Herkes ders verme, akıl verme, yol gösterme, utanmaz, cahilane, zalim, yalancı, acımazsız, bencil, ukala bir yarış halindedir.
İnsanlar, aldatma, hor görme, tepeden bakma, karşısındakinin yanlışlarını, sırlarını ulu orta ortaya dökme, patavatsız söz ve söylemleri bir maharet görerek, boğazına kadar günahlara ve çirkefe batmış durumdalar.
Hemen her alanda bu böyle olup, yer, zaman ve makam ayırt etmeksizin bu tür manzaralar sergilenmektedir.
*
Çoğu zaman tanıdığımız, dostumuz, arkadaşımız olan birçok insanda, bu emarelerini görebilmek mümkündür. Ancak cevap verme konusunda, bazı sebepler insanın cevap vermesini engellemektedir.

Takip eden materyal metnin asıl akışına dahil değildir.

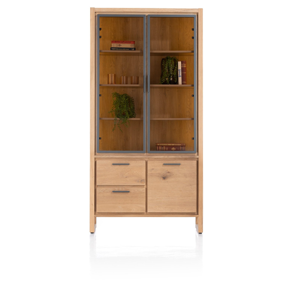 Augstums – 200cmVitrīnai ir divas stikla durvis un trīs atvilktnes, tā ir pilnībā izgatavota no finierēta ozola koka. LED apgaismojums.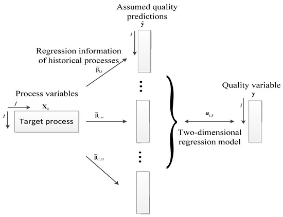 To adopt the same strategy to handle the multi-mode problem and the multi-phase problem at the same time, the strategy above will be applied to the intra-batch batch direction and handle the multi-phase problem by analyzing the intra-batch evolution. The framework of the two-dimensional, two-layer regression modeling strategy is shown in Figure 2. In the first regression layer, first, the PLS regression models are built between the process variables and quality variables of the historical processes with phase and mode indexes to get regression parameters. Then, using those regression parameters and the process variables of the target process, a series of assumed quality predictions can be obtained. Here, it is assumed that the target process belongs to each modeled process. This step connects all historical process information with the target process. Whether the information captured is related to the final quality of the target process will be judged in next regression layer. Consequently, in the second regression layer, based on these assumed quality predictions and real quality values of the target process, the PLS regression model is established, which captures the valuable information existing in the historical processes related to the final quality of the target process. Finally, by applying the two-dimensional, two-layer regression model, the final prediction quality can be obtained.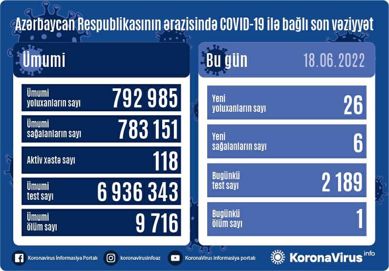 Azərbaycanda koronavirus (COVID-19) infeksiyasına 26 yeni yoluxma faktı qeydə alınıb, 6 nəfər müalicə olunaraq sağalıb.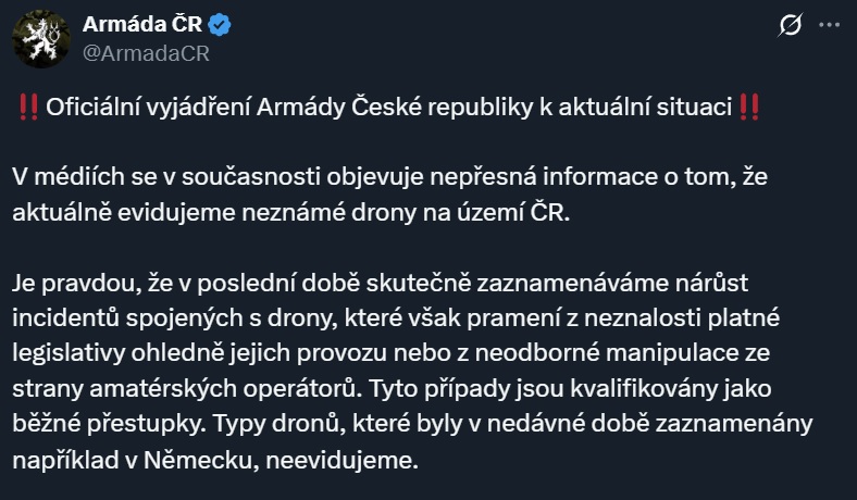 «В медиа распространяется неточная информация о том, что мы в настоящее время фиксируем неизвестные дроны на территории Чехии.

Hal böyle olunca da, herkes bildiğini yapmakta ve yaptıklarının doğru olduğuna inanmaktadır. Bu çok acı, çok ıstırap verici, günümüzün en büyük sorunu olmuş durumdadır. İnsan nerede, nasıl hareket etmesi gerektiğini ve hangi konuda ne söylemesi gerektiğine dikkat etmesi gerekir.

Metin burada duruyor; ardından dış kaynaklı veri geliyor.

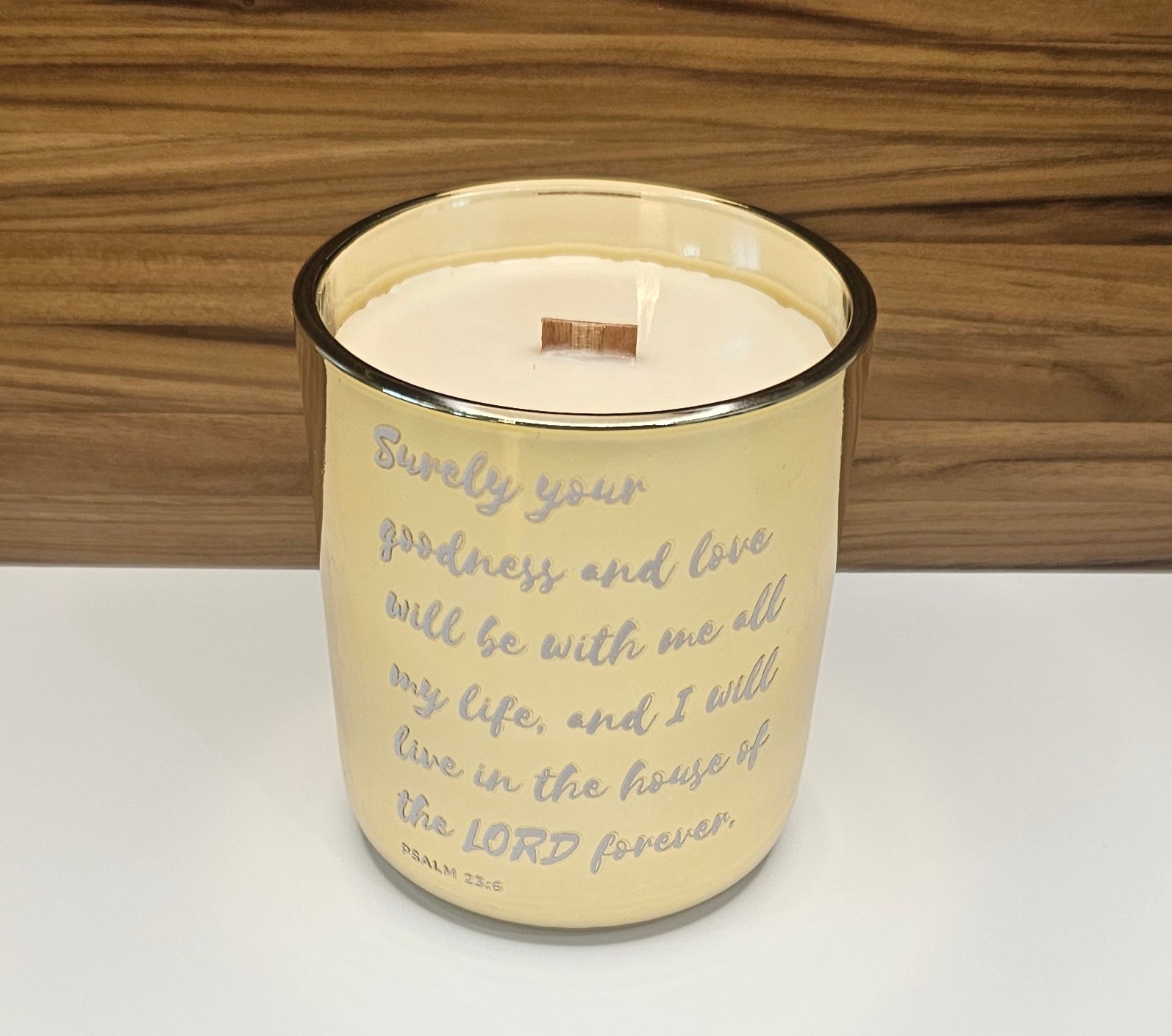More than a candle, it is an experience—inviting you into the presence of God and echoing the promise of Psalm 23:6: “Surely goodness and mercy shall follow me all the days of my life, and I will dwell in the house of the Lord forever.”

Aksi takdirde yapılanlar, ukalalıktan ve ahmaklıktan öteye gitmez.
Başkalarını düzeltmek adına, öncelikle insanın kendisini düzeltmekle işe başlaması gerektiğinin bilincinde olmalıdır.

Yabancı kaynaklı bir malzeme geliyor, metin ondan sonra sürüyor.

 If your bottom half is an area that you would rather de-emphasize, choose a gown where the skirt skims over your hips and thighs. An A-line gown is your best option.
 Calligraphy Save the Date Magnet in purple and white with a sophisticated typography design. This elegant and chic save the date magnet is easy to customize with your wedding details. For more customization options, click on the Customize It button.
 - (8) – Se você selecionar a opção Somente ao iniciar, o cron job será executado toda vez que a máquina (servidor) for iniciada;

Yoksa zavallı duruma düşmekten kendini kurtaramaz.
*
İnsanları tanımak için, “ya yolculuk yapacaksın, ya alışveriş yapacaksın, ya da komşuluk yapacaksın.” Bunların sonucunda, ya hayal kırıklığı yaşıyor olacaksın ya da güven duygusunu daha çok perçinleyeceksin. Aksi takdirde, insanlara olan güven duygusunun zedelenmesi, kaybolması içten bile değildir, tekrar tesisi ise bir hayli zor ve zaman alabilmektedir.
*
Hangi alanda ve hangi kişide olursa olsun, güven probleminin baş gösterdiği bir durumda; yıkım, sarsıntı, etik değerlerde ahlaki başkalaşımlar, yozlaşmalar, ayyuka çıkacaktır. Haliyle toplumda bundan etkilendiğinden, onarılması güç problemler meydana gelecektir.
*
İnsanoğlu, dili, dini, ırkı, memleketi ve tabiiyeti ne olursa olsun; bazen öyle acı ve öyle hüzünler yaşıyor ki, ne kazandıklarından mutlu olabiliyor, ne yaşadıklarından haz alabiliyor, ne kazandığı başarılardan gurur duyabiliyor; adeta hevesi, zaferi, mutluluğu, sevinci hep kursağında kalıyor, her şey boğazında düğümlenip kalıyor.
*
Bu dünyada yaşamak ve bihakkın bir ömür sürebilmek bir hayli zor…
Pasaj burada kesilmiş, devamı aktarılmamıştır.